ASSIGNED TASK: Excluding every picture, print exactly the lines from the one containing "информационные операции наступательного" through the end of the material below, both ends included.

GIVEN MATERIAL:
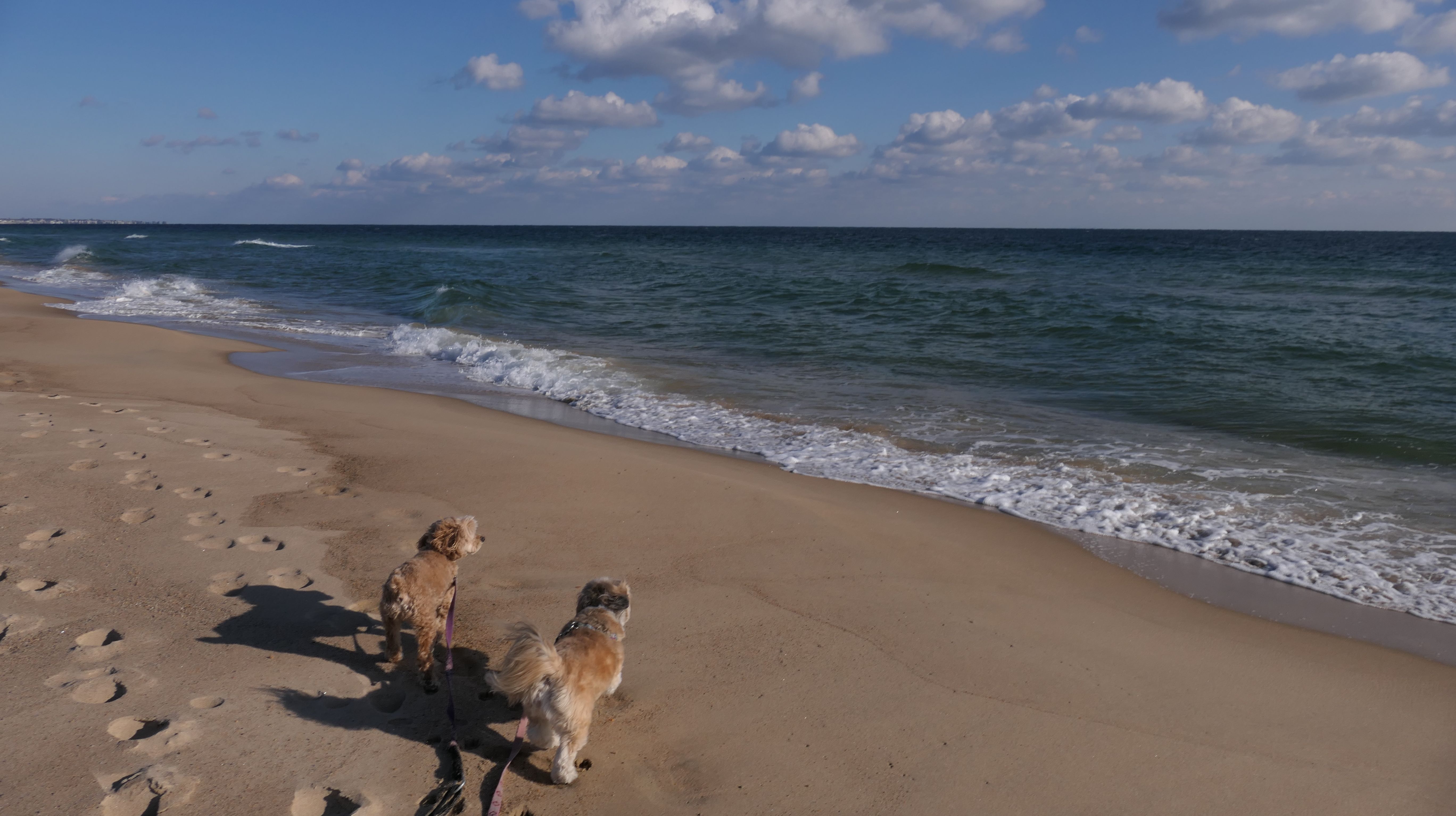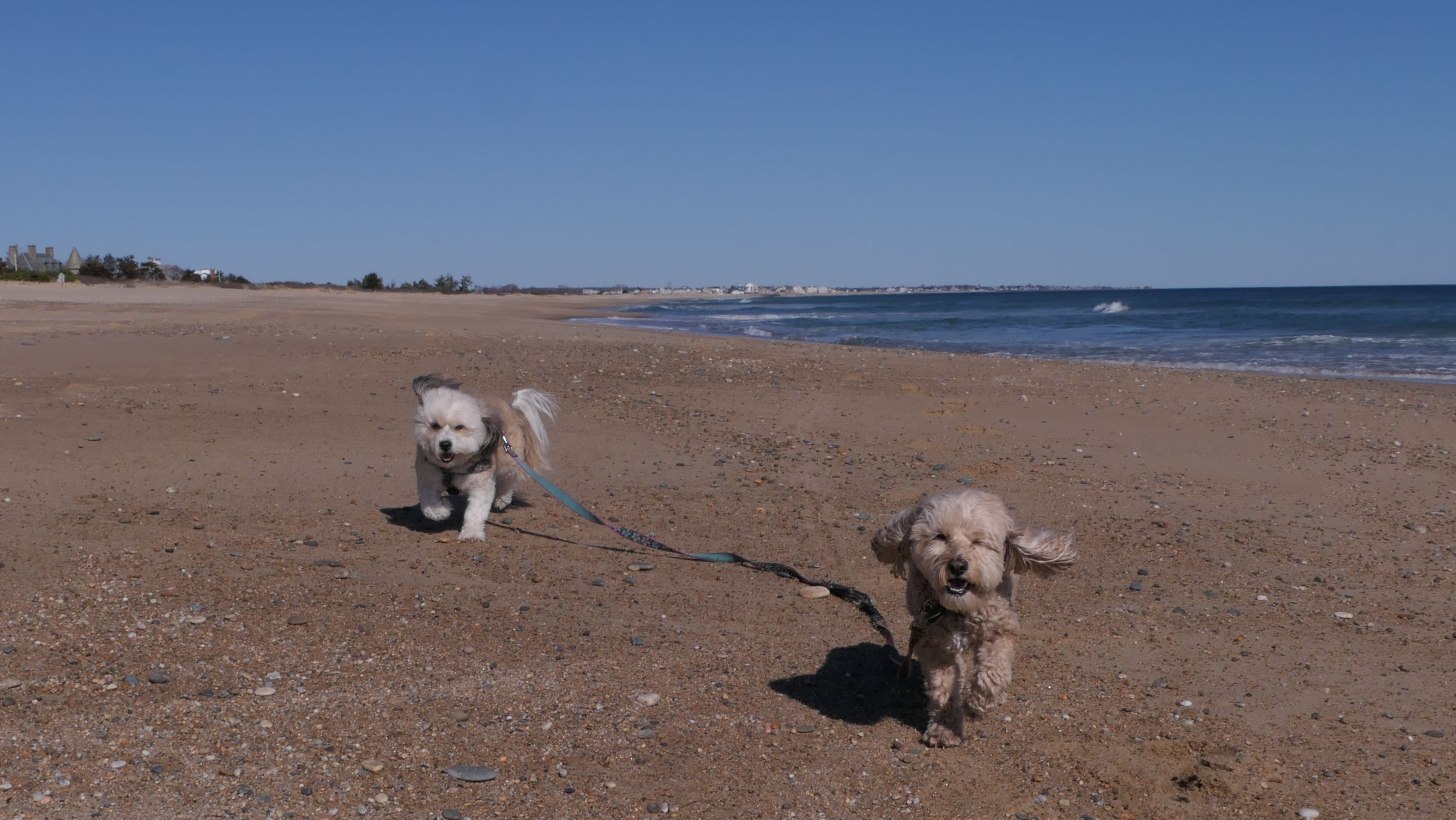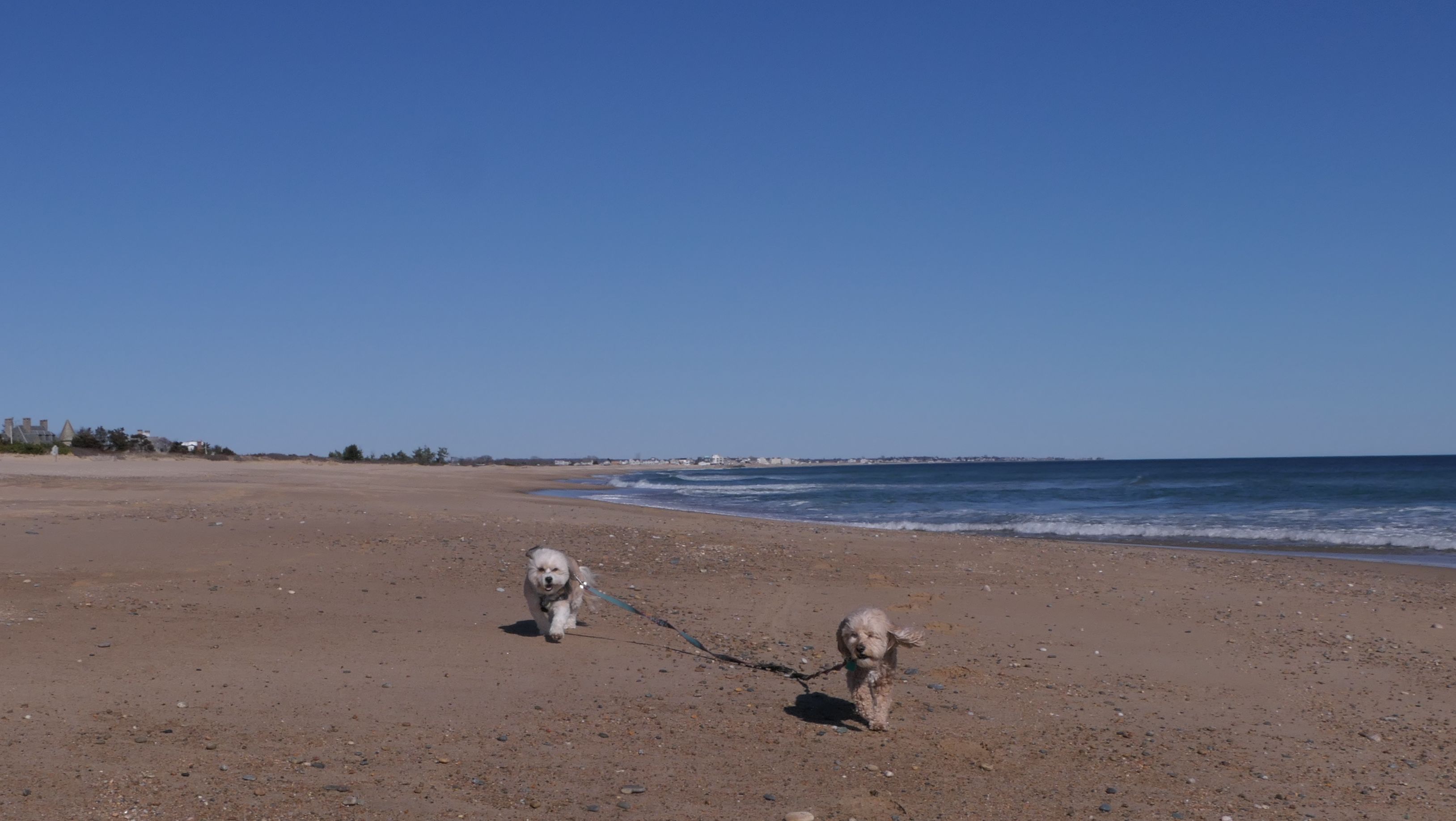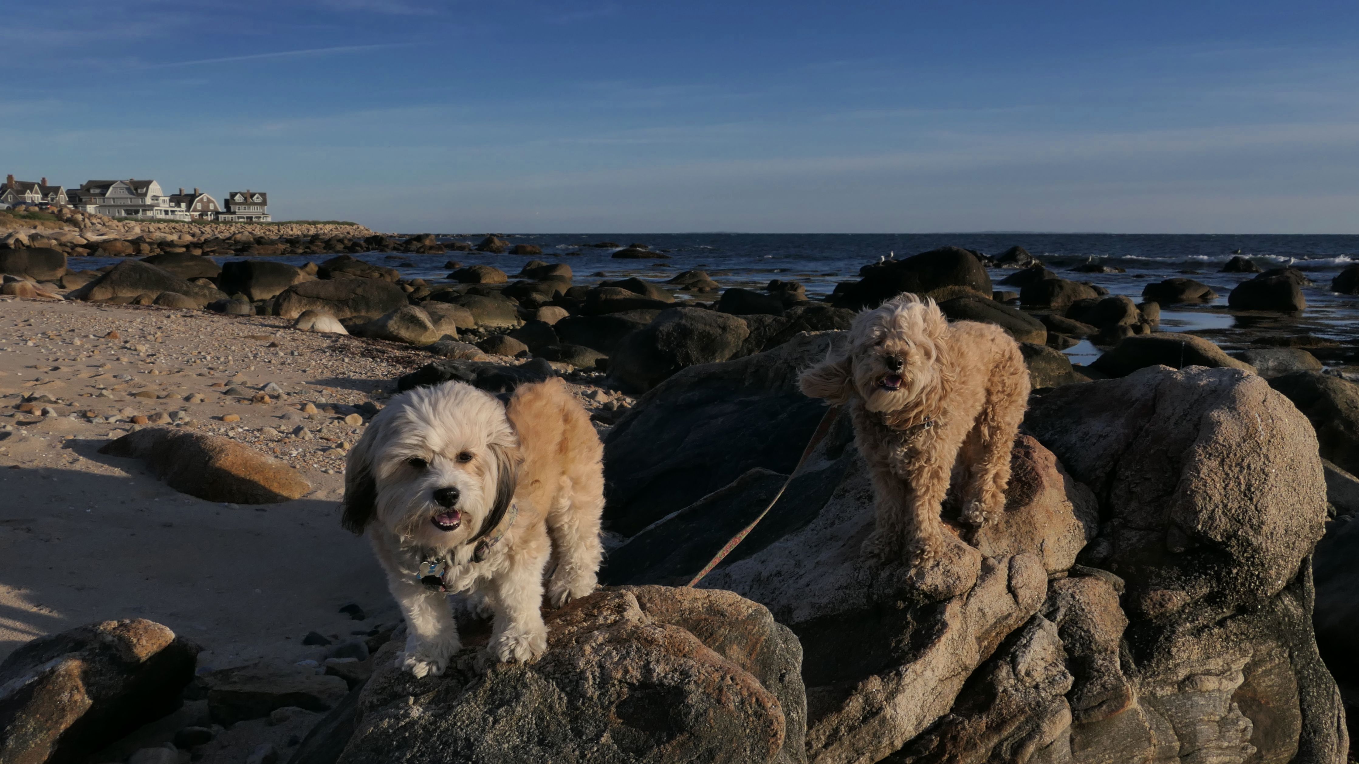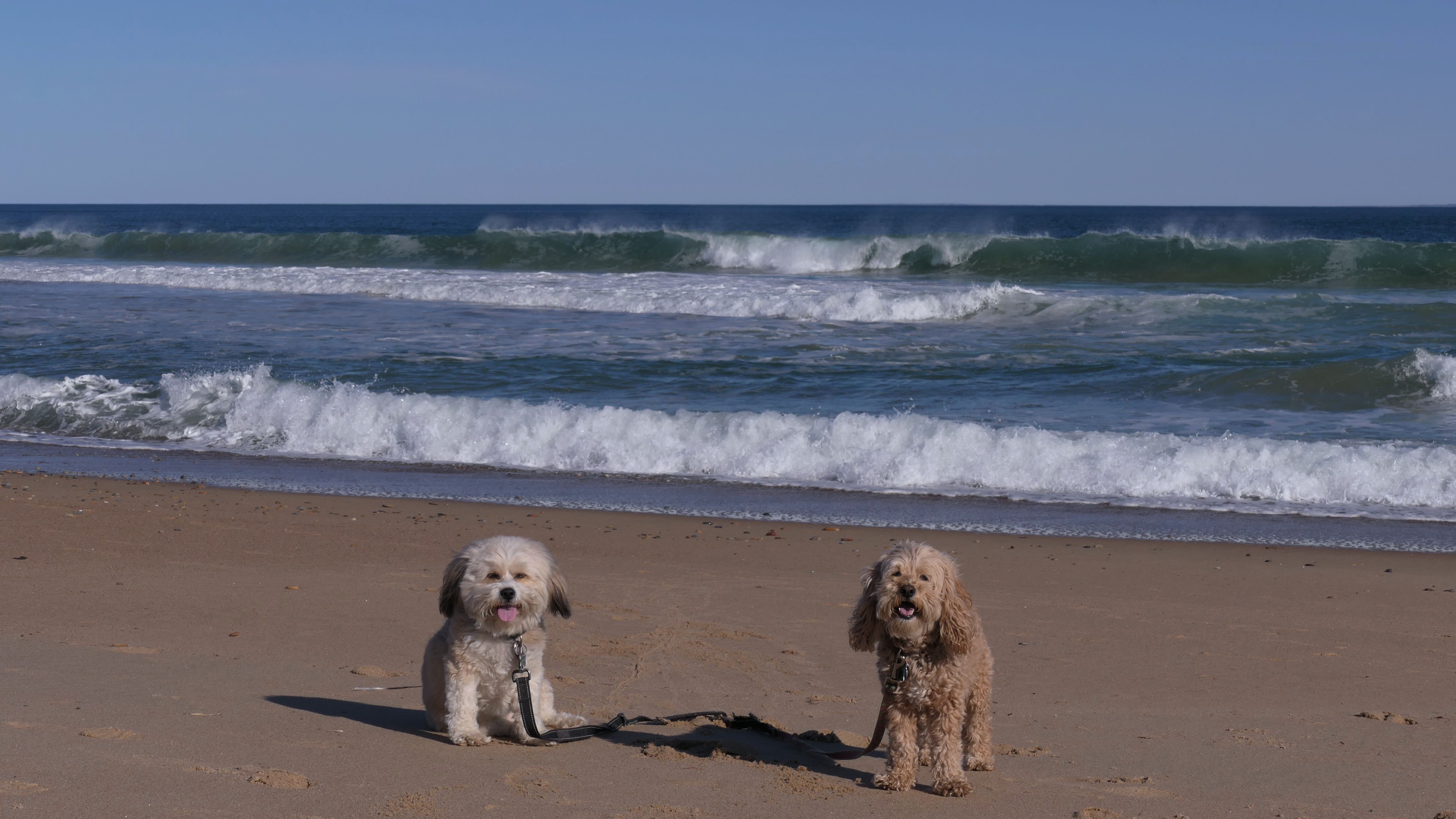 We had record temperatures inland, approaching the mid-80's, so we of course went to a beach! I didn't feel like driving to New Jersey for the 3rd straight day, so we made a return visit to Misquamicut. It wasn't as warm here, probably low to mid 70's, but very breezy. I suspect the wind kept people away. We explored some of the surrounding area before walking the beach. The waves were really ripping here. Mandy kept trying to walk in the water, but Lexi would pull her away. It was a fun adventure, despite the windy conditions.
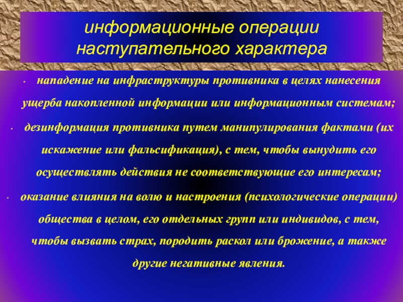 информационные операции наступательного характеранападение на инфраструктуры противника в целях нанесения ущерба накопленной информации или информационным системам;дезинформация противника
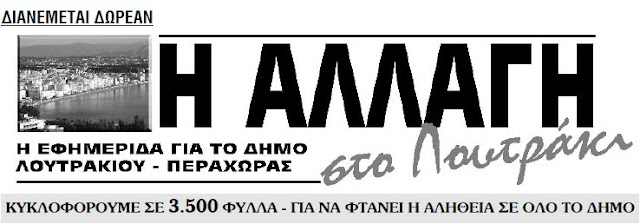 Η εφημερίδα “Η Αλλαγή στο Λουτράκι” χαιρετίζει την προσπάθεια που έχει κάνει η συντακτική ομάδα του Loutrakiblog και σας ανακοινώνει ότι από σήμερα, θα μπορείτε να διαβάζετε τα κείμενα της εφημερίδας και στο διαδικτυακό μας χώρο.

EXERCISE ANSWER:
 информационные операции наступательного характеранападение на инфраструктуры противника в целях нанесения ущерба накопленной информации или информационным системам;дезинформация противника
 Η εφημερίδα “Η Αλλαγή στο Λουτράκι” χαιρετίζει την προσπάθεια που έχει κάνει η συντακτική ομάδα του Loutrakiblog και σας ανακοινώνει ότι από σήμερα, θα μπορείτε να διαβάζετε τα κείμενα της εφημερίδας και στο διαδικτυακό μας χώρο.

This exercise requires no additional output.